Потом офеня повернулся спиной к парочке потенциальных покупателей и, нагло наступая на Никиту, тесня его к вестибюльной колоннаде театра Вахтангова, заговорил уже более современным языком.

– Купи, господин хороший, свиристельку-самосвисточку, аль гусельки самогудные, переливчатые. Всё польза душе ищущей, отрада сердцу неспокойному. Тебе мой товар как никому нужен, уж я-то знаю. А хошь, мил-человек, книжицу редкую из стран заморских да сочинителей тутошних, не нами писанную, не тобой прочитанную? Почти книгоношу-офенюшку, купи хоть поэмку за денежку. Никаким не Байроном, а самим Пушкиным писанную, да ишчё не читанную, глаголом не глаголемую. А вот роман Сухово-Кобылинский. Опять жа нигде, окромя меня, не купишь, сгоревший потому как.

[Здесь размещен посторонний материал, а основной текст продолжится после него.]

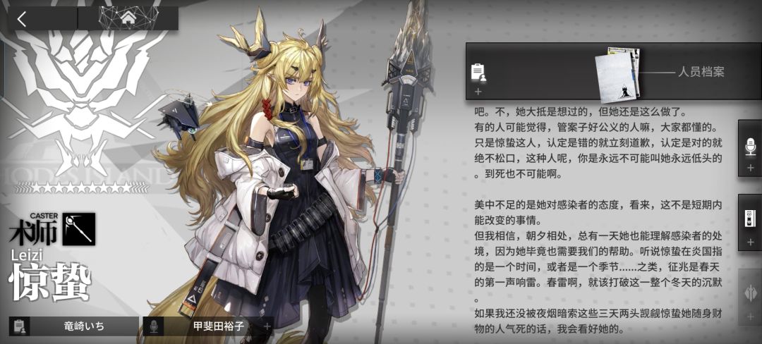③虽然跟左先生一样都是公务员,但是惊蛰来罗德岛是为了给以前的尘封旧案翻案,这件事主要牵扯到煌(详细见25年明日方舟春节剧情)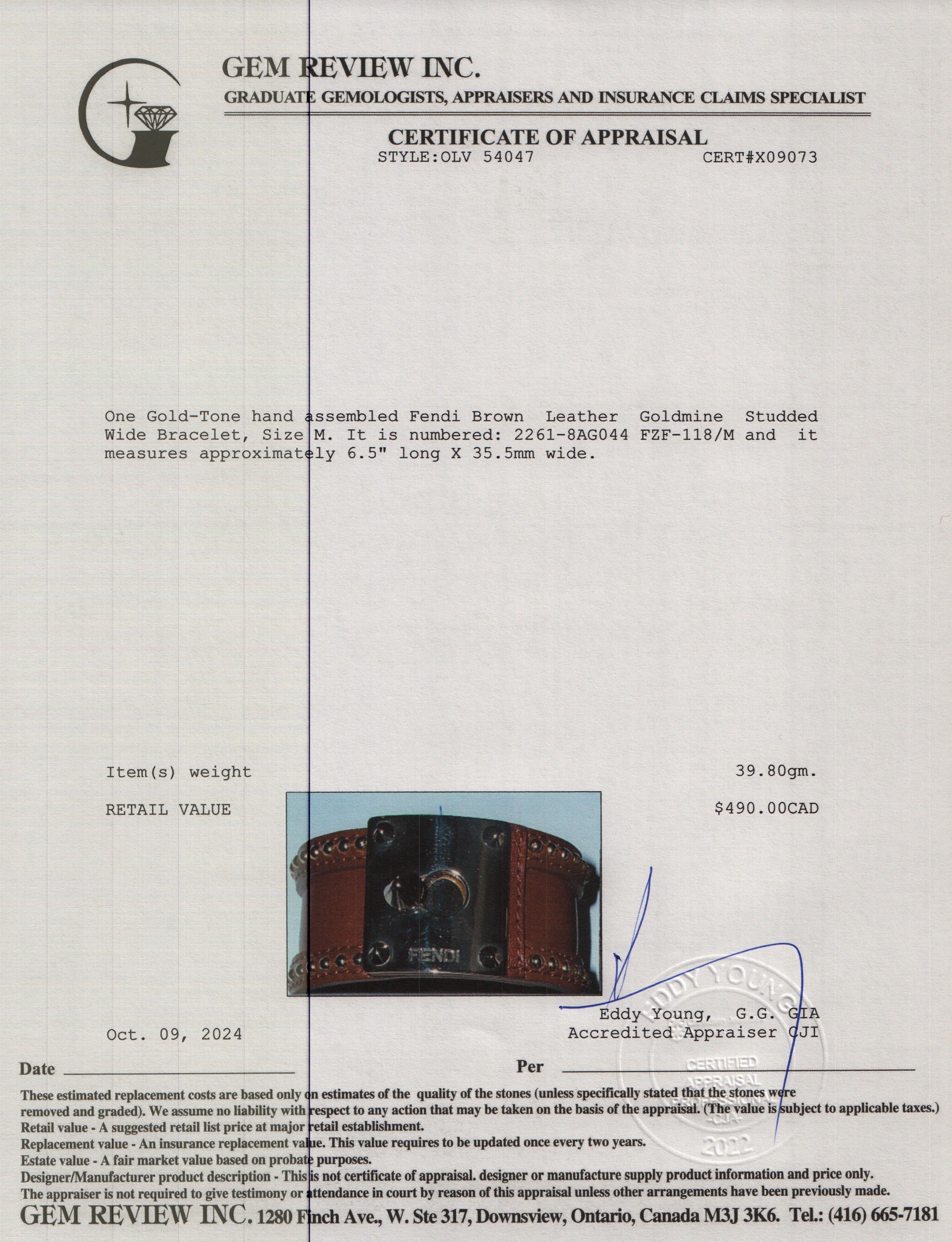 Gold-Tone Metal Brown Leather Goldmine Studded Wide Bracelet, Size M
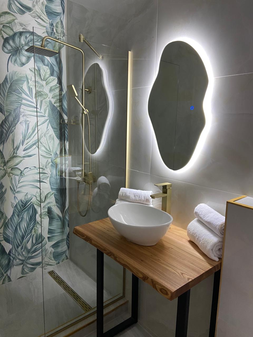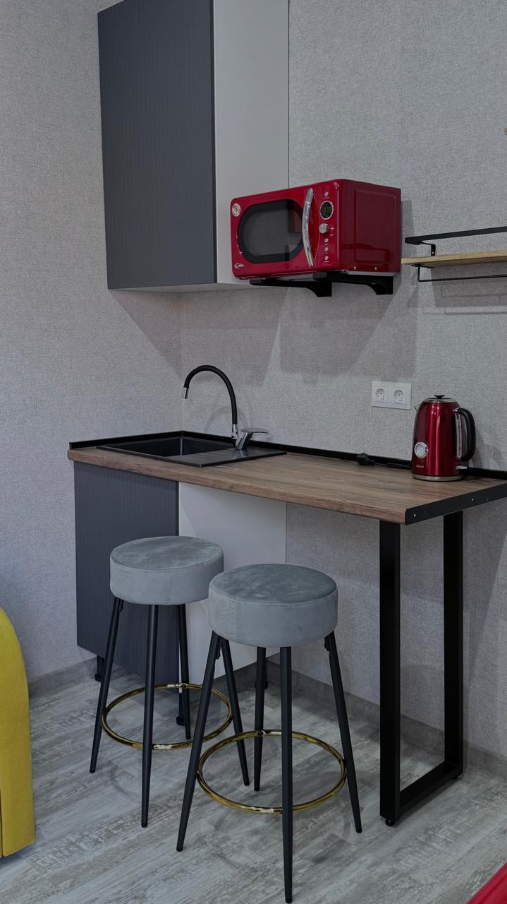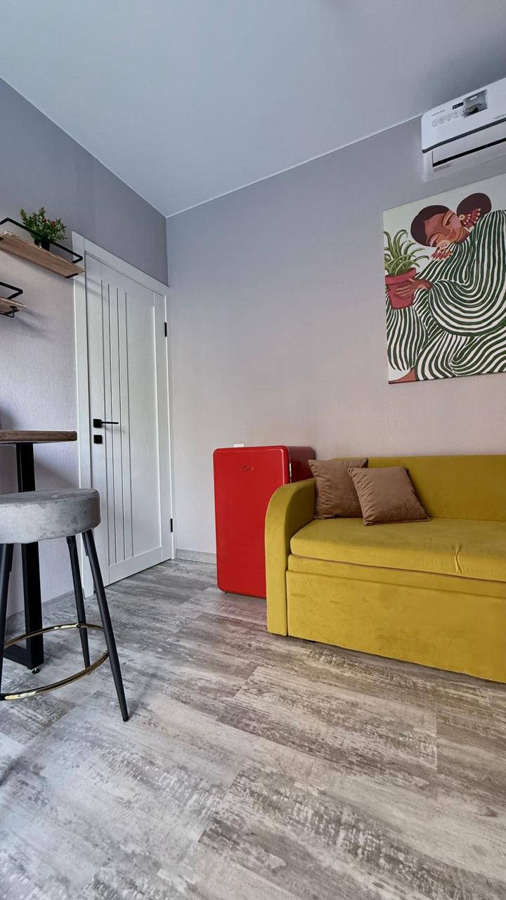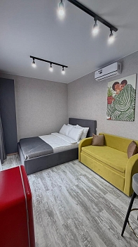 В номере: вешалка, диван раскладной, зеркало, кровать двуспальная, кухонная мебель, прикроватные тумбочки, стол обеденный, стулья, шкаф, кондиционер, микроволновая печь, мини-холодильник, телевизор, чайный набор посуды, электрочайник

– Сгоревший? – Никиту аж передёрнуло, будто ему предлагали купить свеженькой мертвечатинки под гламурным соусом настоянном на тридцати трех травах.

– А то, как же! – подхватил офеня. – Кто сказал, что рукописи не горят? Горят, ещё как! Горят, синим пламенем, дымным дыменем, что и вкруг не видать, а видать – не угадать. Любит ваш брат писарчук огоньком-то побаловаться. Не сыскать ещё закона против пламени онгона.

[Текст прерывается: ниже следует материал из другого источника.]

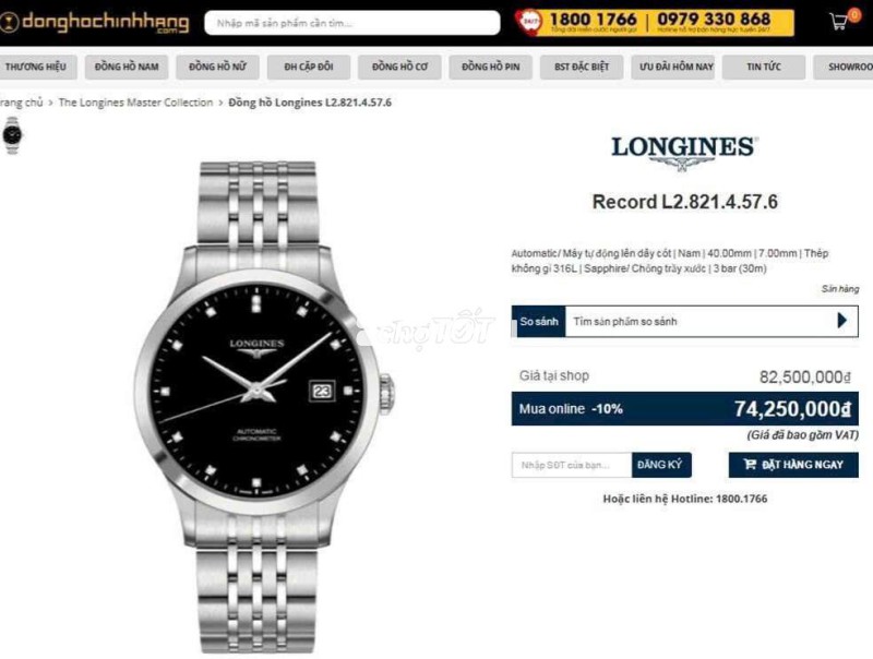 Đồng Hồ Nam : Longines Record Chronometer Automatic L2.821.4.57.6 Diamond - Size 40mm, Fullbox...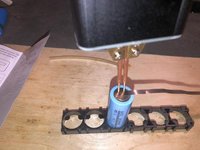 Spot weld the Top or Positive strip the same way as prior done with the negative. Place the strip at a 180 degree from the negative
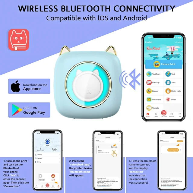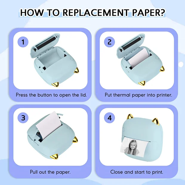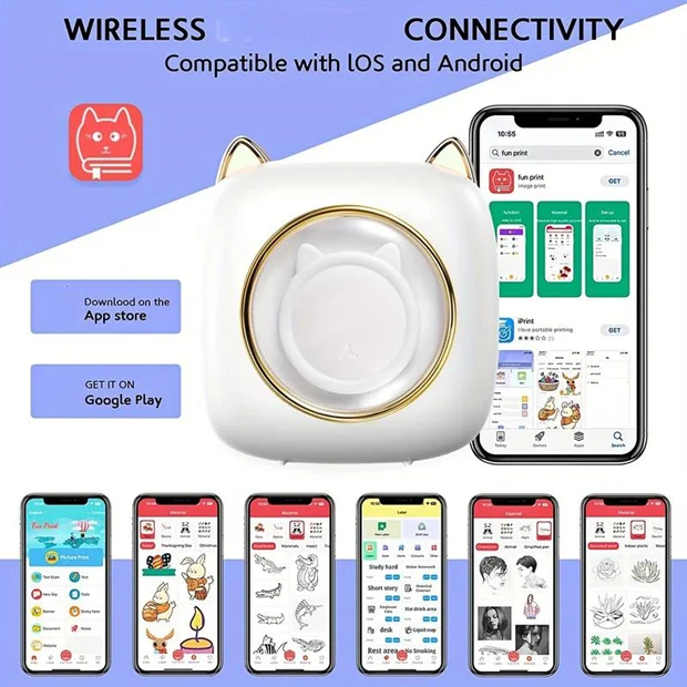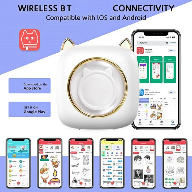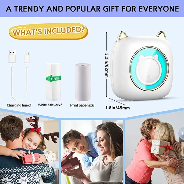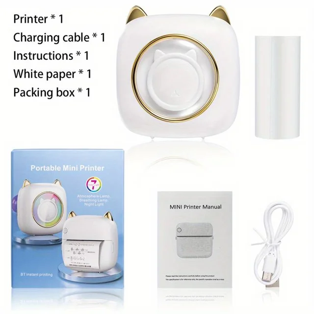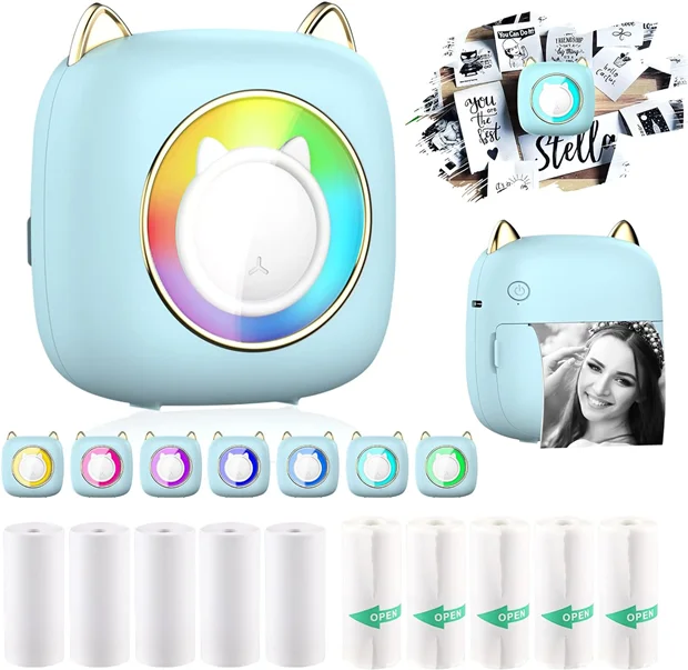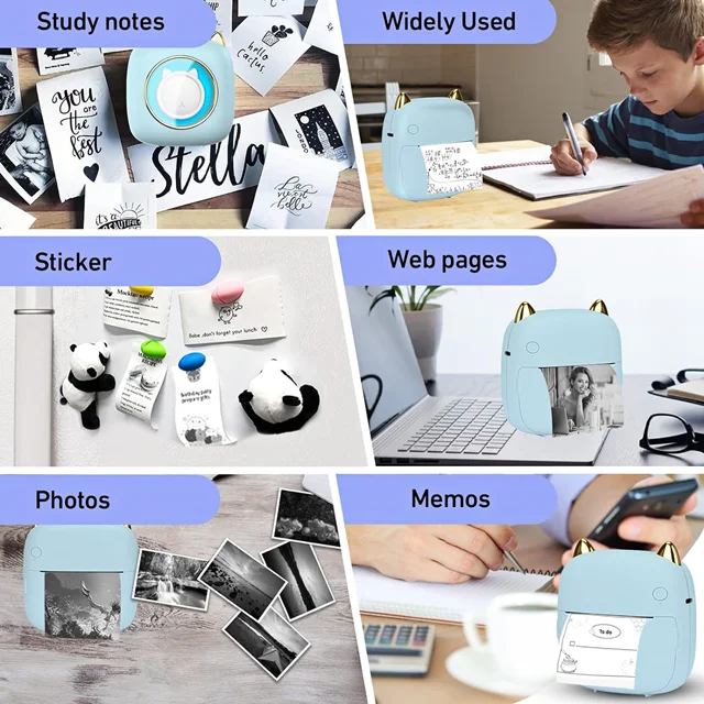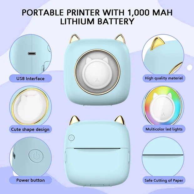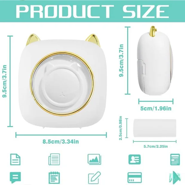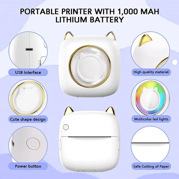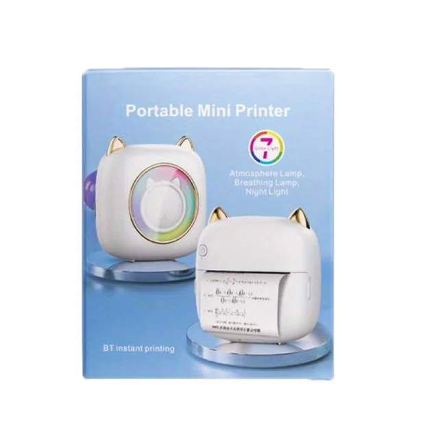 مینی چاپگر جیبی: ظاهری ساده، با الگوی گربه زیبا، کوچکتر از تلفن همراه است، میتوان آن را در جیب یا کیف خود قرار داد، به راحتی میتوان آن را در هر جایی با خود حمل کرد.

– Какой брат? – Никита подозрительно глянул на книгоношу. – Ты про какое пламя онгона, и про какого брата мне лапшу на уши вешаешь?

– Не тот брат, что свят, а тот, что у Царских Врат по тебе рыдат, – пустил слезу офеня. – Коли есть кому молиться – то не курица, а птица…


Пространство вдруг сузилось, загудело, как сквозняк, прорвавшийся сквозь тесное неприютное ущелье в диких горах. И вдруг Никита вспомнил. Вспомнил давно забытый эпизод из детства, невесть как застрявший на одной из полок памяти, пылившийся там до поры, покуда простое ничего не значащее слово, брошенное странным книгоношей-офеней, не вытащило на свет Божий почти совсем забытую картину. В памяти возникла старенькая деревянная, давно не ремонтируемая деревенская церковь, куда водила его бабушка тайком от просвещённых Научным коммунизмом родителей. Увидел как бы со стороны бабушку, совсем не изменившуюся с тех пор, и себя там подле неё, державшегося неуверенно за её юбку. А прямо супротив Царских Врат стоит Данило – деревенский юродивый.

Юродивый был в любой русской деревеньке великой достопримечательностью, потому что слова юродивых всегда были пророческими. Взрослые иногда с опаской, иногда открыто спрашивали у них совета, знали – юродивый наговорами грешить не станет. Только вот мальчишки часто закидывали безобидного молитвенника камнями, дразнили: «Данило-косорыло», улюлюкая и пританцовывая на все лады. А он не обижался. Лишь пугал иногда:

– Вот я вас!

Мальчишкам же деревенским только того и надо было. Травля продолжалась до тех пор, пока кто-нибудь из взрослых не разгонял пацанят или подвернувшаяся сердобольная хозяюшка не уводила юродивого к себе в избу.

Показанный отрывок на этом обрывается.